Currently, the rush to install energy storage is largely driven by the acceleration of PV project timelines. In alignment with the June 1 deadline for solar PV projects, energy storage timelines have also been brought forward accordingly.
The Notice suggests “improving spot market trading and pricing mechanisms,” which is expected to enhance returns for energy storage projects by relaxing spot price limits.
With low electricity prices during high renewable output periods (e.g., midday solar generation causing price drops) and high prices during times of limited system flexibility (e.g., evening peak demand with reduced renewable output), the spot market offers growing opportunities for price arbitrage, further highlighting the value of energy storage.
The current Notice sets the framework for energy storage policy, while detailed rules will be made by each Chinese province based on local conditions by the end of 2025. This transition period may cause short-term market fluctuations, so industry players should stay flexible and prepared.
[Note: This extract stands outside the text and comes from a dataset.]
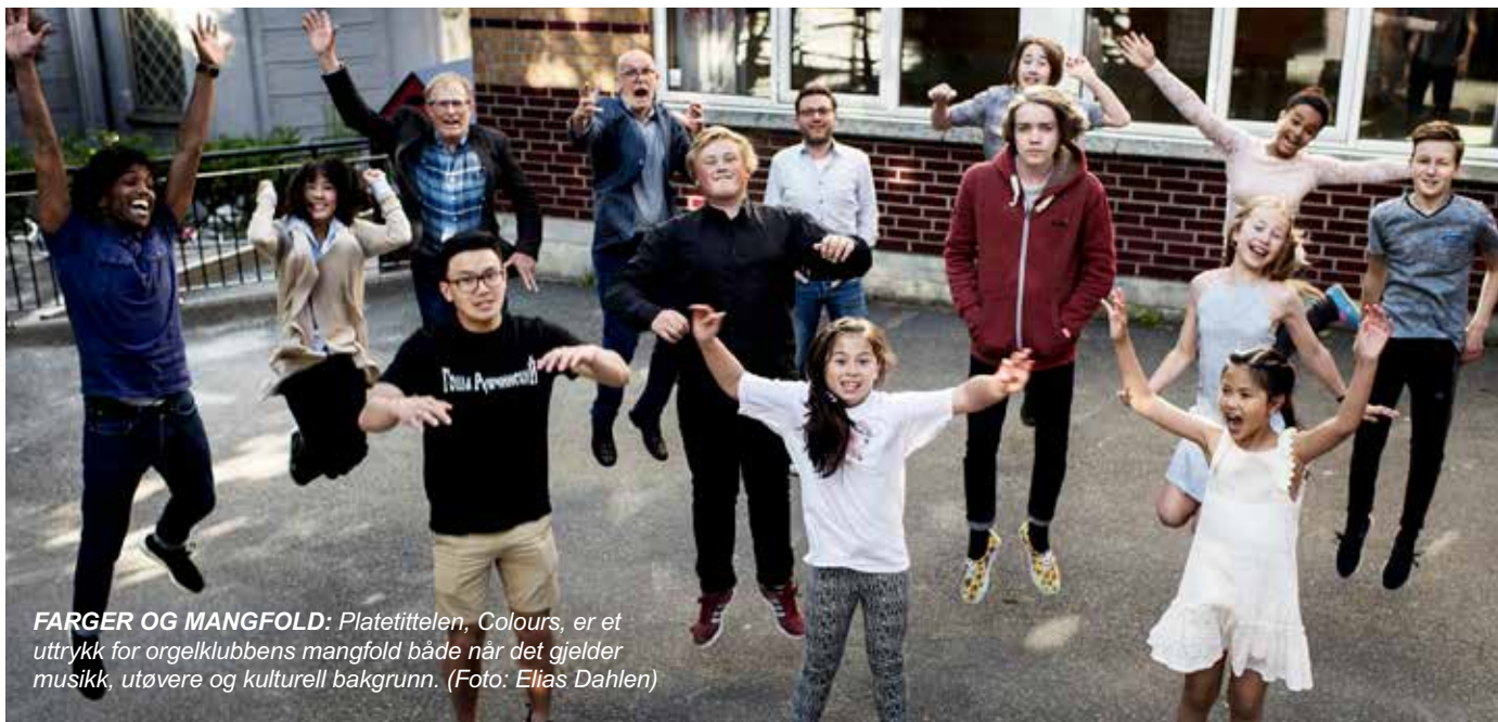
FARGER OG MANGFOLD: Platetittelen, Colours, er et uttrykk for orgelklubbens mangfold både når det gjelder musikk, utøvere og kulturell bakgrunn.

Klubben består av 25 elever og fire lærere. Elevene engasjeres med jevne mellomrom til å spille i messer, gudstjenester og konserter.

Based on current energy storage market and the Notice, InfoLink expects China’s new energy storage installations to reach 112 GWh in 2025, up 9% YoY. But if local policies or incentives (e.g., capacity pricing or compensation for grid services) fall short, the industry may face some challenges in 2026–2027. Still, due to the ongoing need for renewable integration and grid flexibility, a sharp drop in demand is unlikely.
The industry is also entering a reshuffling phase. With the end of mandatory storage requirements, the focus is shifting from fast, policy-driven growth to value creation. In the past, many projects were built only to meet policy targets, leading to problems like similar technology and fast efficiency loss. Now, the focus is on economic value and long-term performance. Companies with strong technology and innovative business models are likely to grow, and the industry becomes more competitive and refined.